Dataset entries:
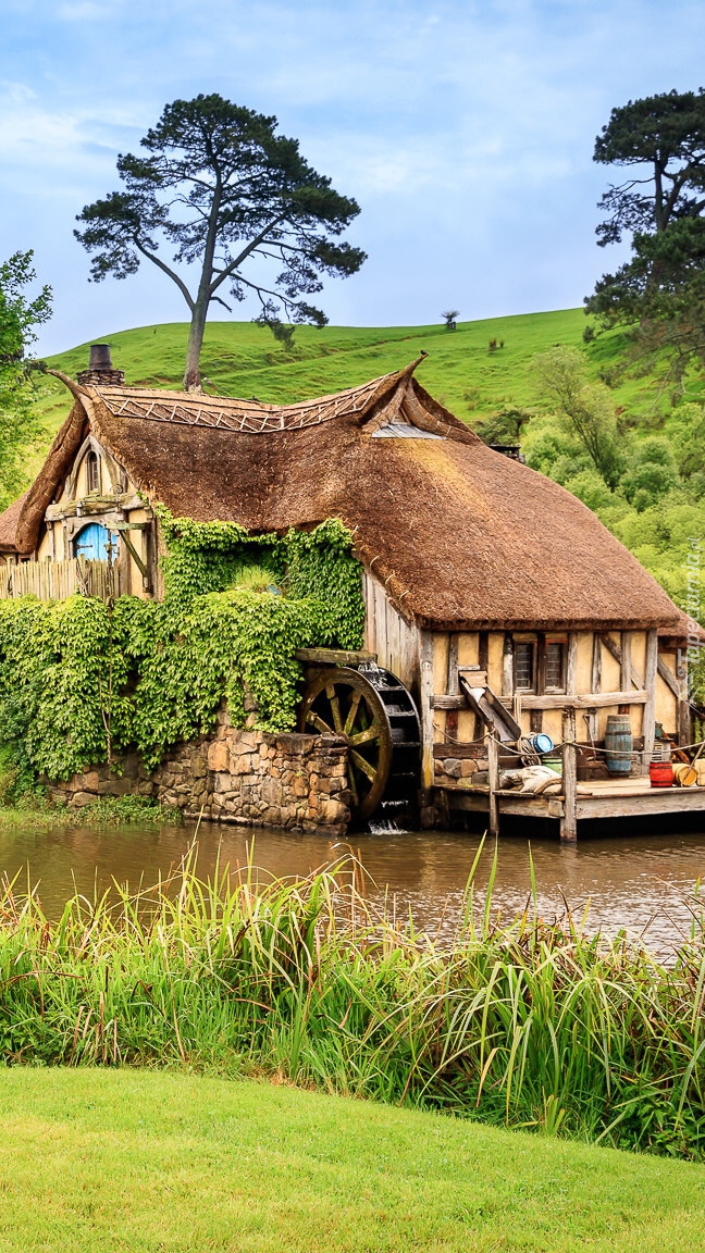 Edytor tapety: Młyn wodny na rzece
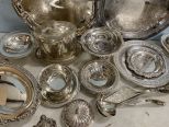 Group of Silver Plate Serving Pieces, clean, trays, boxes, compotes, plates, mug, butter dish, spoons. Location Left Metal Shelves Group of Silver Plate Serving Pieces, clean, trays, boxes, compotes, plates, mug, butter dish, spoons. Location Left Metal Shelves
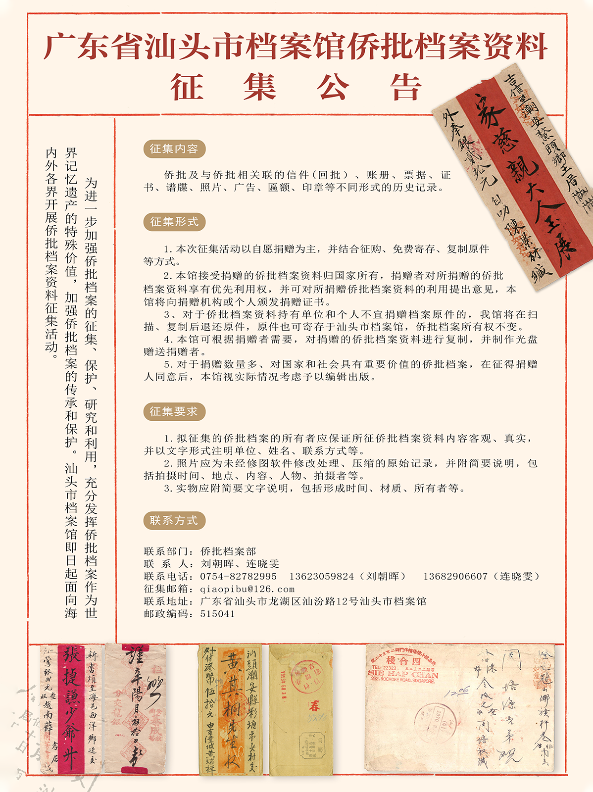 【徵集】廣東省汕頭市檔案館僑批檔案資料徵集公告
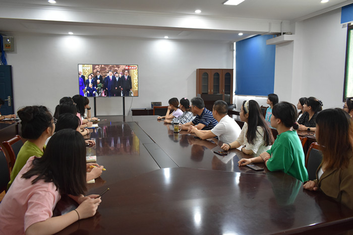 院党委副书记鄢高翔表示,今天的“七一勋章”颁给29位在不同时期不同战线为党和国家、为人民做出突出贡献的优秀党员,他们在平凡的工作岗位,恪守初心,为党、为国、为民在普通岗位做出了不平凡的业绩,内心充满敬畏,他们的英雄事迹震撼了我们每一为普通党员、普通劳动者的心,给了我们谋事创业的动力,增强了我们不断超越自我为实现中华民族伟大复兴的坚定信念。作为一民教育工作者,要在平凡的工作岗位上要坚持立德树人根本,把培养好建设者和接班人、培养接续奋斗的青春力量作为崇高使命和担当。
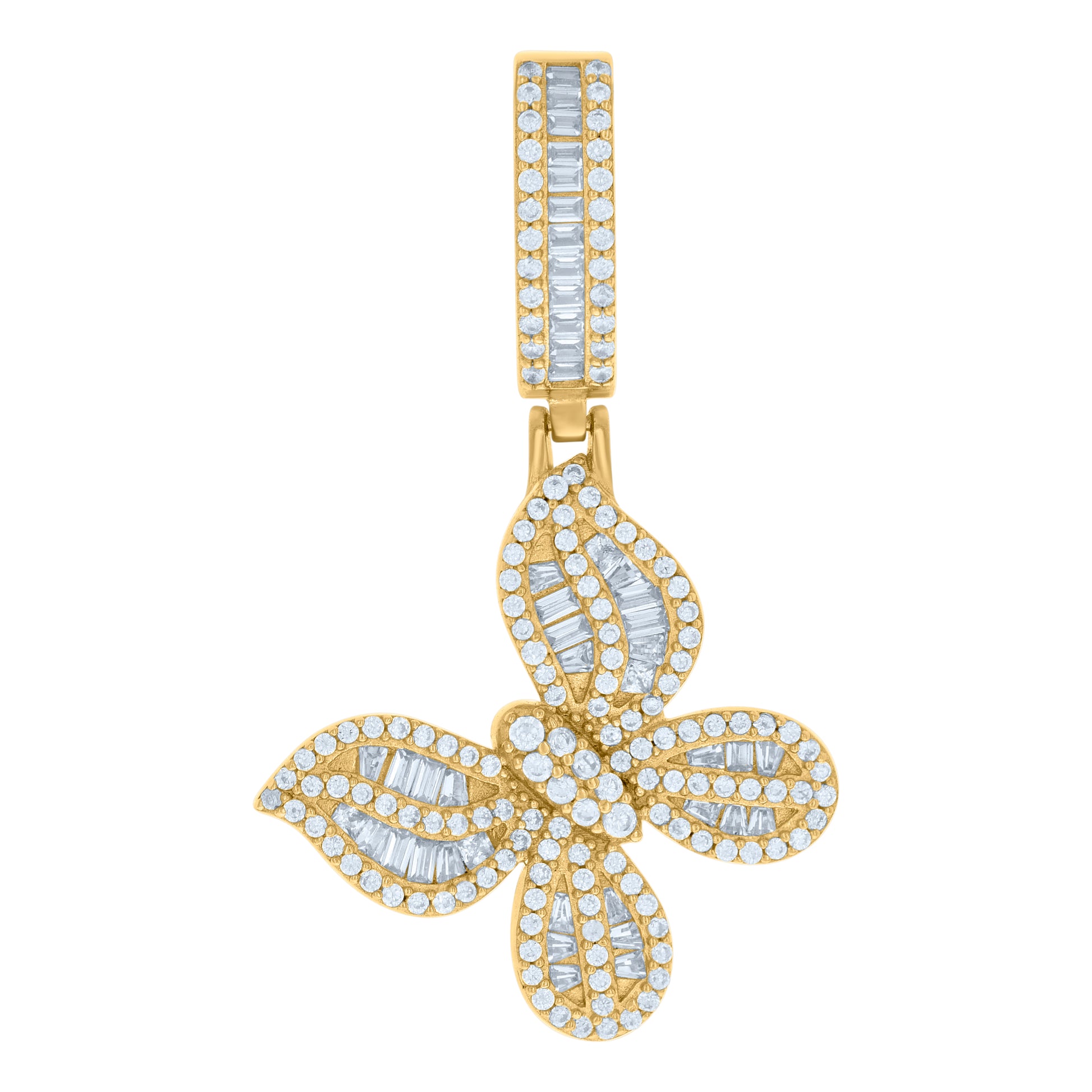 925 Sterling Silver Yellow-tone Womens Baguette Round Cubic-Zirconia Butterfly Charm Pendant

• _What is being asked_:
Repeat each of the entries above exactly, but do not carry over the pictures.

• _Response to this task_:
 Edytor tapety: Młyn wodny na rzece
 Group of Silver Plate Serving Pieces, clean, trays, boxes, compotes, plates, mug, butter dish, spoons. Location Left Metal Shelves Group of Silver Plate Serving Pieces, clean, trays, boxes, compotes, plates, mug, butter dish, spoons. Location Left Metal Shelves
 【徵集】廣東省汕頭市檔案館僑批檔案資料徵集公告
 院党委副书记鄢高翔表示,今天的“七一勋章”颁给29位在不同时期不同战线为党和国家、为人民做出突出贡献的优秀党员,他们在平凡的工作岗位,恪守初心,为党、为国、为民在普通岗位做出了不平凡的业绩,内心充满敬畏,他们的英雄事迹震撼了我们每一为普通党员、普通劳动者的心,给了我们谋事创业的动力,增强了我们不断超越自我为实现中华民族伟大复兴的坚定信念。作为一民教育工作者,要在平凡的工作岗位上要坚持立德树人根本,把培养好建设者和接班人、培养接续奋斗的青春力量作为崇高使命和担当。
 925 Sterling Silver Yellow-tone Womens Baguette Round Cubic-Zirconia Butterfly Charm Pendant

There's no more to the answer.